Page 1 of 1

BestMatchingMapper bugs handling explicit substitutions

PostPosted: Mon Dec 12, 2011 8:38 pm
by jeromyevans
The BestMatchingMapper class attempts to match commonly used fonts to their equivalents on systems that don't have Microsoft fonts installed.
Part of the matching is via equivalents specified in FontSubstitutions.xml.

Here's an extract referenced below.
Code: Select all
   <replace name="arial">
      <SubstFonts>
         arial;nimbussansl;freesans;albanyamt;albany;helvetica;lucidasans;lucida;geneva;helmet;sansserif;nimbussans;andalesansui;arialunicodems;lucidaunicode</SubstFonts>
      <SubstFontsMS></SubstFontsMS>
                ...


I've encountered the following three bugs in this process:

(1) FontSubstutitions.xml uses the lowercase whitespace and punctuation removed name of the font. If the document contains "Times New Roman" it is not matched to the equivalent replace element for "timesnewroman". Similarly "Arial" is not matched to "arial".

(2) When matched, the method searching PhysicalFonts for the substitution font also uses the short key, not the proper name used by PhysicalFonts. For example, if matching "arial" to a substitute it tries to find "freesans" in PhysicalFont's map instead of "Free Sans".
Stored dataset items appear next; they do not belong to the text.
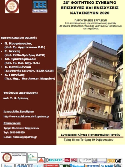 Το διήμερο 18 και 19 Φεβρουαρίου 2020 θα πραγματοποιηθεί στο Συνεδριακό και Πολιτιστικό Κέντρο του Πανεπιστημίου Πατρών στο Ρίο, το 26ο Φοιτητικό Συνέδριο με τίτλο: «Επισκευές και ενισχύσεις κατασκευών 2020». Η θεματολογία του Συνεδρίου καλύπτει όλους τους τομείς σε θέματα αποτίμησης επάρκειας υφισταμένων κατασκευών και επεμβάσεις, ανεξαρτήτως υλικού και διοργανώνεται από το Πανεπιστήμιο Πατρών και το Τ.Ε.Ε./Τμήμα Δυτικής Ελλάδος.
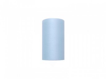 Tylová stuha ve světle modré barvě o rozměrech: 0,08 x 20 m. Tato ozdoba se skvěle hodí na svatbu.
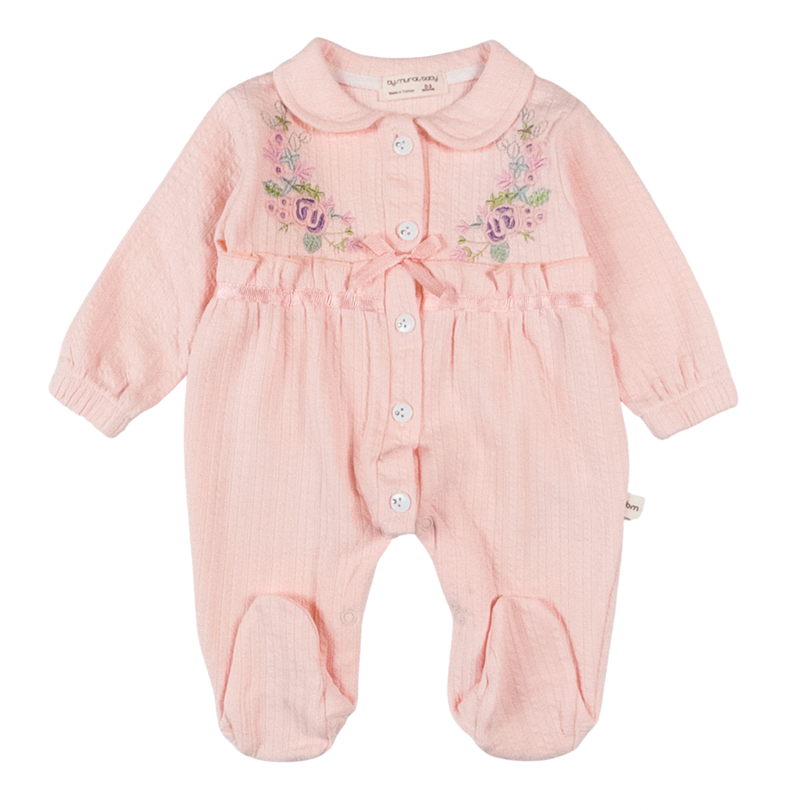 Salopeta pentru bebelusi si nou nascuti, model Floricele Brodate
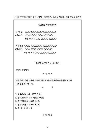 주요내용 : 계약 종료 후 집주인이 보증금을 돌려주지 않을 때, 법원에 신청하여 해당 부동산 등기부에 '임차인이 보증금을 돌려받을 권리가 있다'는 사실을 기록하기 위한 목적으로 사용되어지는 신청서 양식임. 단 무단전재 방지 목적으로 PDF 파일로 올리니, 구매하신 후 혹 원본 파일이 필요하신 분들은 톡이나 문자, 메일, 전화 등을 주시면 작성 방법 등에 대한 간단한 무료 상담과 함께 원본 파일을 보내드리도록 하겠습니다.
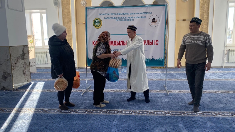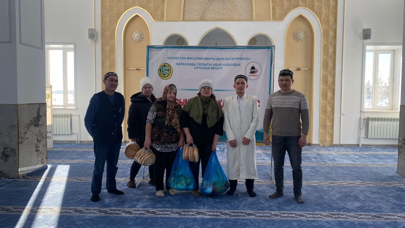 Ережеп айының құрметіне орай Қарағанды облысына қарасты Абай аудандық орталық мешітінде әлеуметтік көмекке мұқтаж бес отбасына азық-түлік үлестірілді.

(3) On the system tested, the SubsFonts value is inclusive of the leading whitespace (eg. in the line above, the first token is "\n\t\tarial' instead of "arial" (seems odd that whitespace is included after unmarshalling). This means the first substitution always fails to match a font. As, by convention, the first token is usually the name of the font, this effectively means on systems where msttcorefonts are installed, the BestMatchingMapper fails to match the exact font. ie. it can't match "arial" to "arial" because the substitution is named "\n\t\tarial".

Tested with v2.7.1 on Linux 3.0.0-12-generic #20-Ubuntu SMP x86_64 GNU/Linux

I've worked around this but it's not elegant. I created a map in BestMatchingMapper of the PhysicalFonts' map keyed using the similar convention as in FontSubstitutions.xml and modified BestMatchingMapper to use this key when dealing with values in or from FontSubstitutions.xml. The patch for the work-around is attached.
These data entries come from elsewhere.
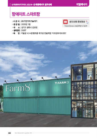 신·재생에너지가이드 2023 ▶ 신·재생에너지 설치사례 지열에너지 팜에이트 스마트팜 •시 공 사 : (주)지앤지테크놀러지 설치사례 홍보영상 •완 공 일 : 2020년 1월 https://youtu.be/jjANa1c7aD4 •주 소 : 경기도 평택시 진위면 •설비용량 : 210RT •특 징 : 지열공 내 수중펌프를 제거한 반밀폐형 ‘지오썸하이브리드’ 380 New & Renewable Energy Guide 2023
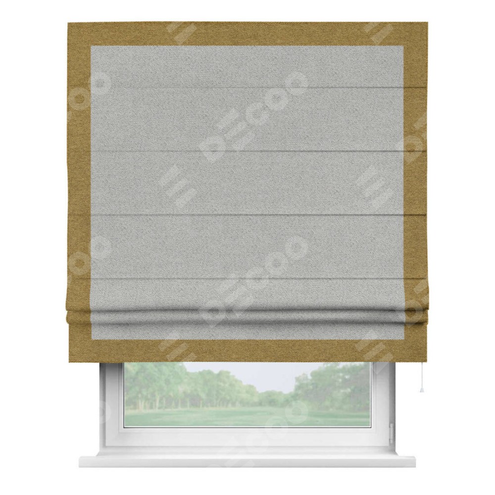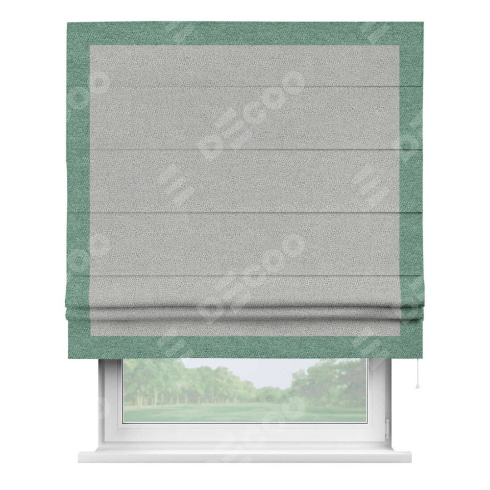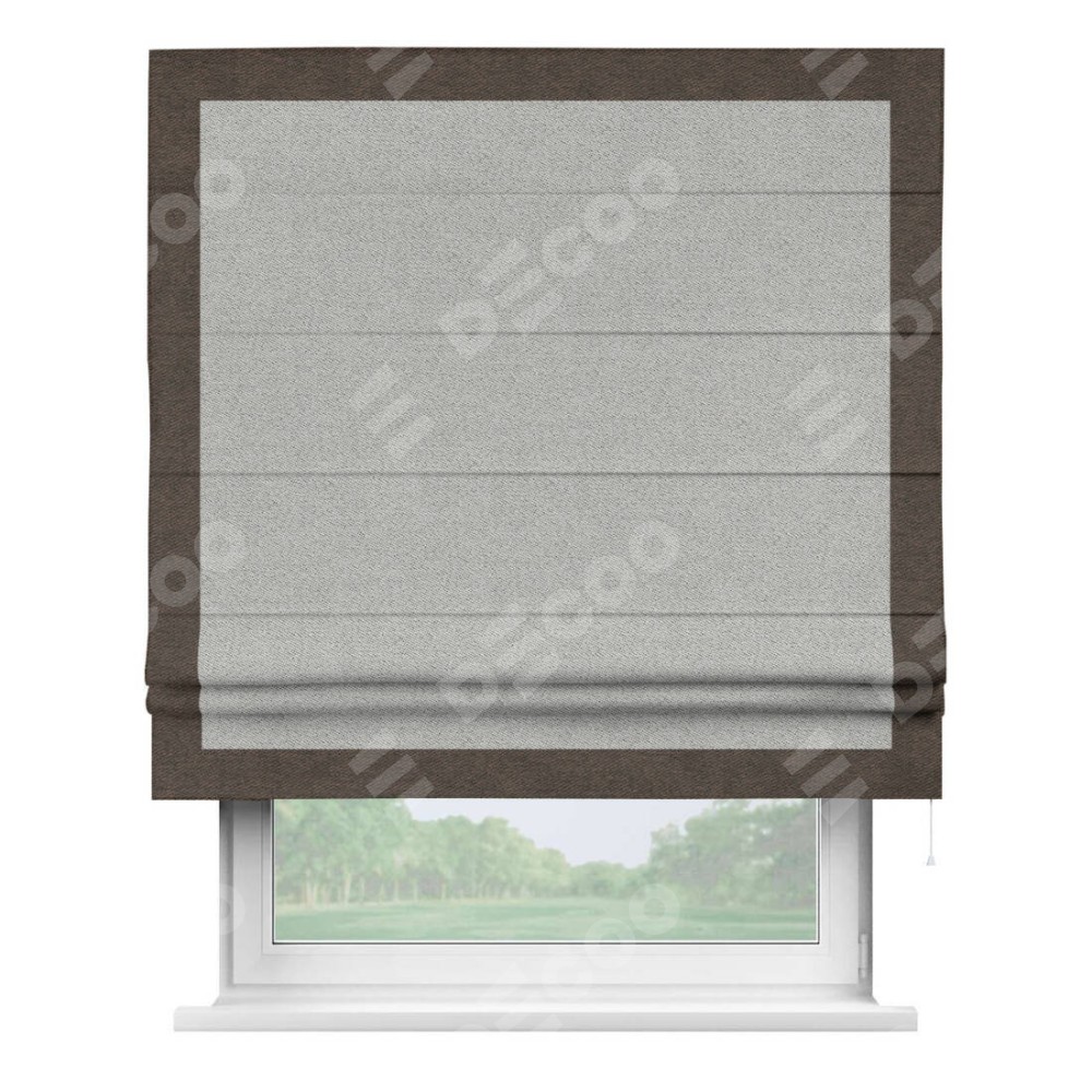 Римская штора производителя «Cortin», используется для проёма, пошита из ткани твид блэкаут светло-серый, артикул 90936. Отделка шторы кантом «Чесс», ткань для канта используется из твида разной расцветки на выбор. Имеет универсальный механизм и подходит для монтажа: на потолок, на стену и в нишу.
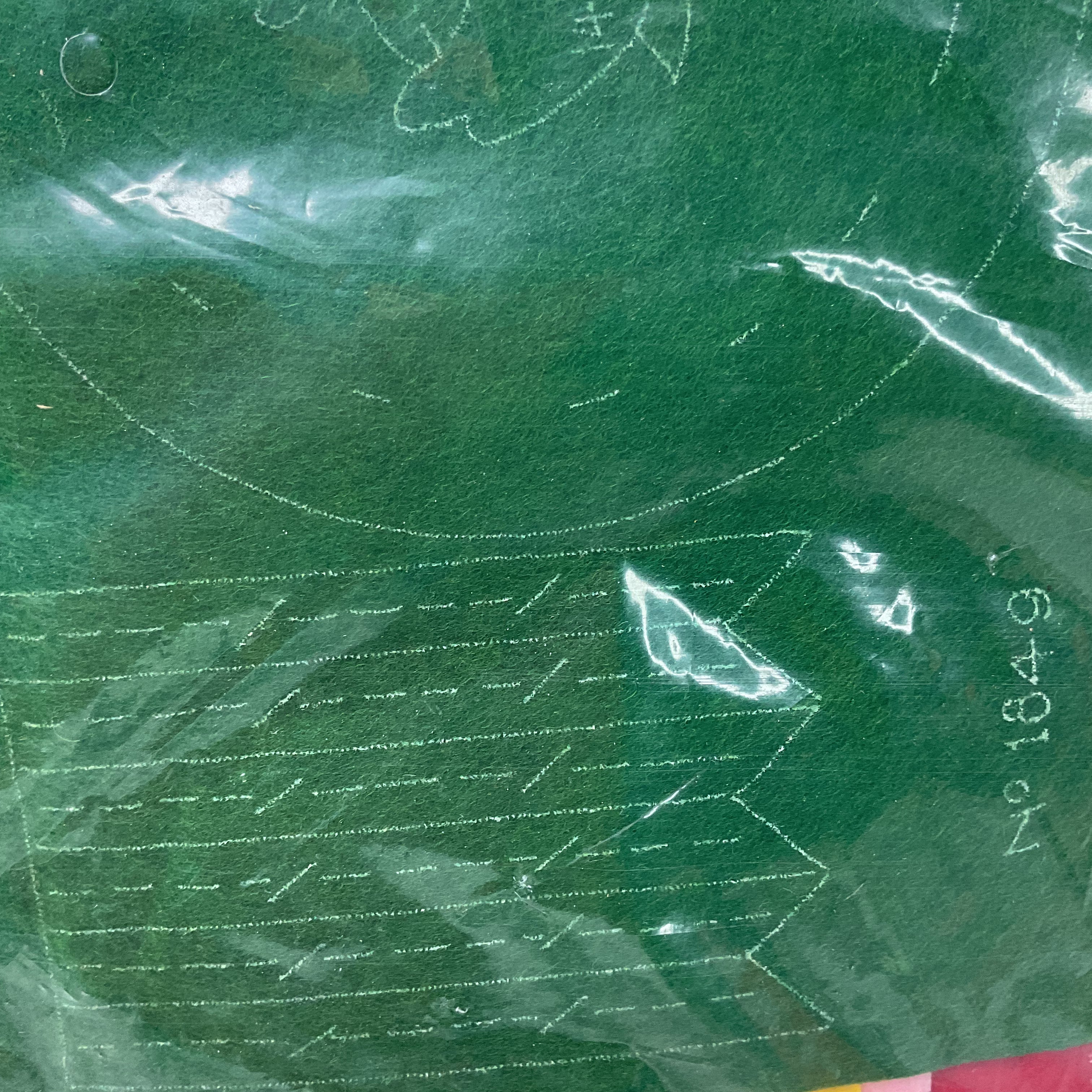 Felt face, eyes and hat. Fringe beard and sequined mustache.
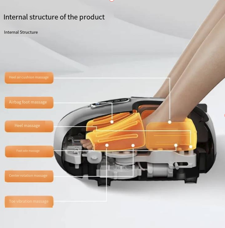 This household multi-functional foot massage device uses fully enclosed airbags for kneading, combined with high-frequency vibration and two levels of infrared heat therapy, precisely relieving foot fatigue and promoting blood circulation. The intelligent panel is easy to operate and compact, not occupying much space. It is a great home health product for relieving soreness from prolonged standing and warming the feet for better sleep.
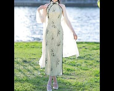 Платье в восточном стиле (чипао/ципай) миди длины.

When it works this is the result (on a Linux system with msttfcorefonts package):
Code: Select all
[BestMatchingMapper] Mapped Wingdings -->  OpenSymbol( file:/usr/share/fonts/truetype/openoffice/opens___.ttf
[BestMatchingMapper] Mapped Times New Roman -->  Times New Roman( file:/usr/share/fonts/truetype/msttcorefonts/times.ttf
[BestMatchingMapper] Mapped Courier New -->  Courier New( file:/usr/share/fonts/truetype/msttcorefonts/Courier_New.ttf
[BestMatchingMapper] Mapped Symbol -->  Symbol( file:/usr/share/fonts/X11/Type1/Symbol.pfb
[BestMatchingMapper] Mapped Arial -->  Arial( file:/usr/share/fonts/truetype/msttcorefonts/arial.ttf


Regards,
Jeromy Evans

PS. Patches are provided in accordance in accordance with the CLA http://dev.plutext.org/docx4j/docx4j_In ... butor.docx

Re: BestMatchingMapper bugs handling explicit substitutions

PostPosted: Fri Mar 30, 2012 12:18 pm
by jason
Hi Jeremy

Thank you very much for taking the time to create this patch and to document it so thoroughly.

This made applying it simple, which I have (belatedly) done as http://www.docx4java.org/trac/docx4j/changeset/1767

cheers .. Jason